Medical resource utilisation was analysed in terms of hospitalisation, outpatient visits, primary care visits, transportation, surgical procedures, diagnostic tests and pharmacotherapy. Pharmacotherapy costs were estimated using conservative dosage estimates as per the drug label [12] for the following classes: antihypertensives, phosphate binders, erythropoiesis-stimulating agents (ESAs), analgesics for kidney pain, vitamin D analogues and immunosuppressive agents.

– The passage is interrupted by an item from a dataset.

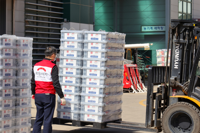 | 희망브리지가 2020년 울진 산불 당시 유니클로 후원으로 제작된 긴급구호키트를 운송하고 있다. / 사진 : 희망브리지 제공 |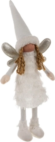 Elegantna božićna figurica anđela/elfa u snježno bijeloj izvedbi unijet će u interijer čaroliju Božića. Ima svjetlucava krilca, stabilnu obuću s čvrstim potplatom i zimski outfit s haljinom s rol-ovratnikom i kapicom s krznom. Odlično pristaje na komodu, prozorsku dasku, uz kamin i ispod bora te lijepo nadopunjuje blagdanski dekor u modernom i klasičnom stilu.

Indirect costs included informal care and productivity loss. Cost of informal care was based on hours of help from family and friends in the patient’s home and calculated using data on average national gross earnings. Productivity loss was estimated using the human capital approach, taking the patient’s perspective and counting every lost hour of work as lost production and income [42]. Age- and sex-dependent gross earnings and employment rates were obtained from official statistics offices in each country, with employment overheads and benefits added on top. It was assumed that ADPKD patients would have had the same employment rate as the general population had they not been ill.

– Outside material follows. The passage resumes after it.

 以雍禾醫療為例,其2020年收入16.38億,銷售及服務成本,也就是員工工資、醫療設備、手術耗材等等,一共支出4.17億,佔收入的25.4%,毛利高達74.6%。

Annual cost estimates were derived using national cost data and expressed in the local currency of each respective country (2014 values).

Statistical analyses

Summary statistics were calculated, including means and standard deviations (SDs) for continuous variables and frequency distributions for categorical variables. We presented costs as means and used non-parametric bootstrapping procedures to derive 95% confidence intervals. Differences across strata were evaluated using the Kruskal–Wallis and χ2/Fisher’s exact tests as appropriate. Resource utilisation in the past four weeks, as captured in the self-administered questionnaire, was extrapolated to one year. Data management and analysis were performed using Stata 12.1 (StataCorp LP, College Station, TX, USA).

Results

Demographic and clinical characteristics

A total of 266 patients were contacted. Of these 243 (91%) provided consent to participate and were enrolled into the four disease strata: CKD stages 1–3 (n = 64), CKD stages 4–5 (n = 55), transplant (n = 61), and dialysis (n = 63). Overall, 241 (99%) of participants completed the questionnaire.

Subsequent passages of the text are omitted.